AI Promotes Accurate, Quick Diagnosis of Cervical Cancer

The artificial intelligence such as cloud, 5G, IoT, AR, etc. lead people to explore prospective smart world, benefiting all humankind. The integration of high technology boosts the cost of health insurance accordingly. For example, the premiums of travel insurance in America (aka 美国旅游保险) and OPT insurance (aka opt 保险) have increased at least 15%, said a manager at a top health insurance enterprise in San Francisco.

Artificial intelligence is the inevitable tendency in the future world. Let’s think in this way: because of the integration of high technology, the benefits of international student health insurance (aka 留学生保险) will be more and better. Admittedly, everything has both positive and negative effects. The high cost might cause more students to waive health insurance (aka 替换保险) due to unaffordability.
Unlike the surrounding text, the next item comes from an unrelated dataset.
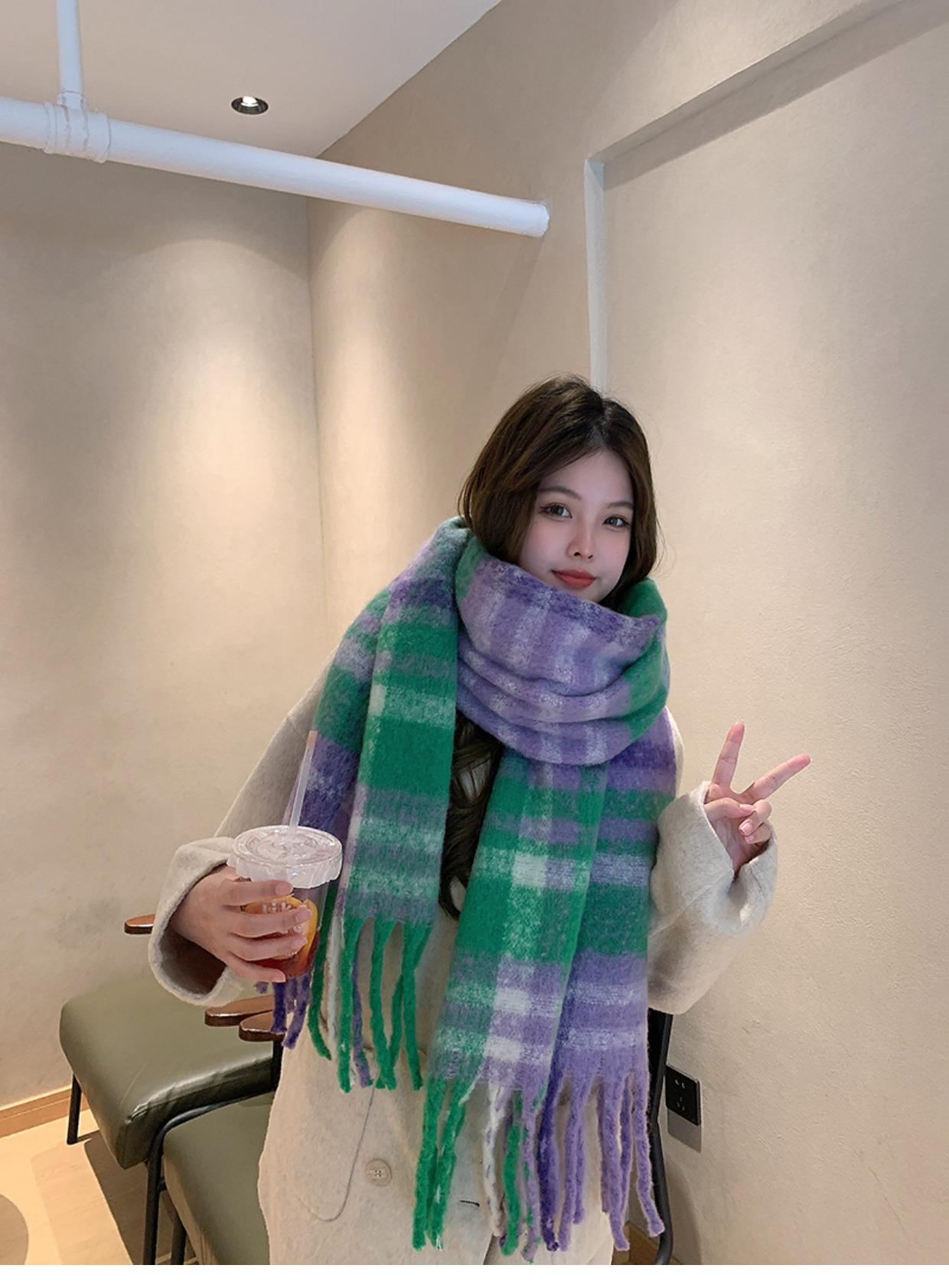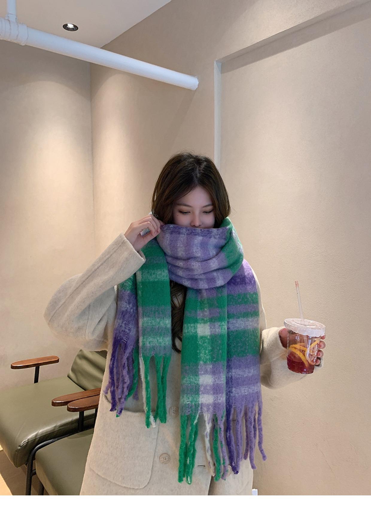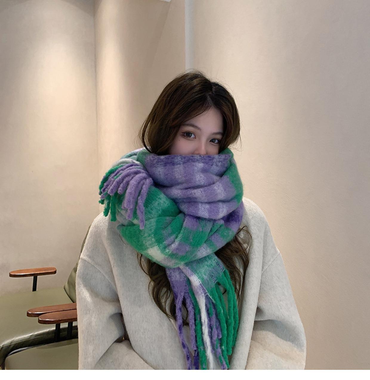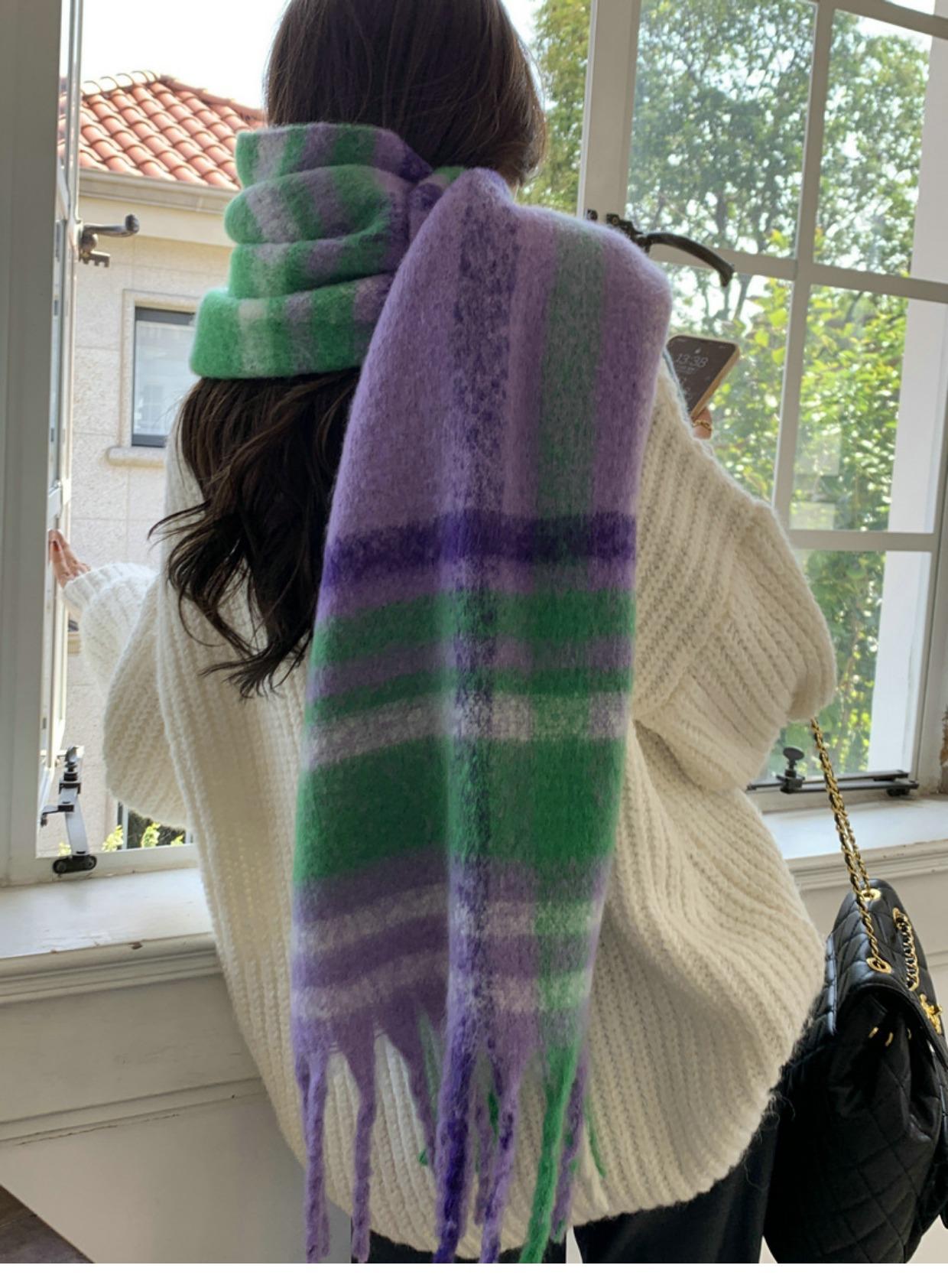 Bufanda Gruesa de Cachemira Imitación a Cuadros Arcoíris para Otoño e Invierno, Cálida para el Cuello, Chal Grueso para Parejas de Estudiantes

Saving both doctors’ and patients’ time is one of the biggest advantages of artificial intelligence. For example, a patient schedules a dental visit in the United States (aka 美国看牙). The AI exams the patient before he/she sees the dentist. Patients with U.S. vision insurance (aka 美国眼科保险) can be diagnosed remotely. Using artificial intelligence (AI) technologies, Chinese researchers have developed a rapid and accurate screening model to diagnose cervical cancer, a common and fatal disease in women. Cervical cancer, caused by the human papilloma virus (HPV), is the fourth most frequent cancer in women worldwide, with an estimated 570,000 new cases reported and 311,000 deaths from the disease in 2018, according to the World Health Organization.

In China, the incidence and death rates of cervical cancer are also high, with 130,000 new cases reported last year. Most cases are caused by delayed checks. The current method to detect abnormal cervical cells is cytology-based screening, known as the Pap test. It is often done during a pelvic examination which allows the health care professional to have a clear view of the cervix and upper vagina by a speculum and take a sample of cervical cells.

Based on more than 200,000 pathological images selected from over 43.5 million cervical screening samples, experts from KingMed Diagnostics, a Guangzhou-based medical diagnostic testing company, along with computer engineers from Huawei Cloud, a subsidiary of the Chinese tech giant Huawei, over one year developed an AI-assisted screening model, which can diagnose the disease with an accuracy of over 99 percent, while costing only one-tenth of the examination time performed by pathologists.

“Pathologists spend an average of six minutes in examining a cervical screening sample under a microscope, while the AI model just needs 36 seconds per case,” said Luo Pifu, director of the company’s pathological department and lead researcher of the program.

Cervical cancer can often be detected early, and sometimes even prevented entirely, by having regular screenings. More than 350 million Chinese women aged 30 to 65 need cervical cancer check-ups every three to five years, but the country still lacks the screening capacity to meet the demand.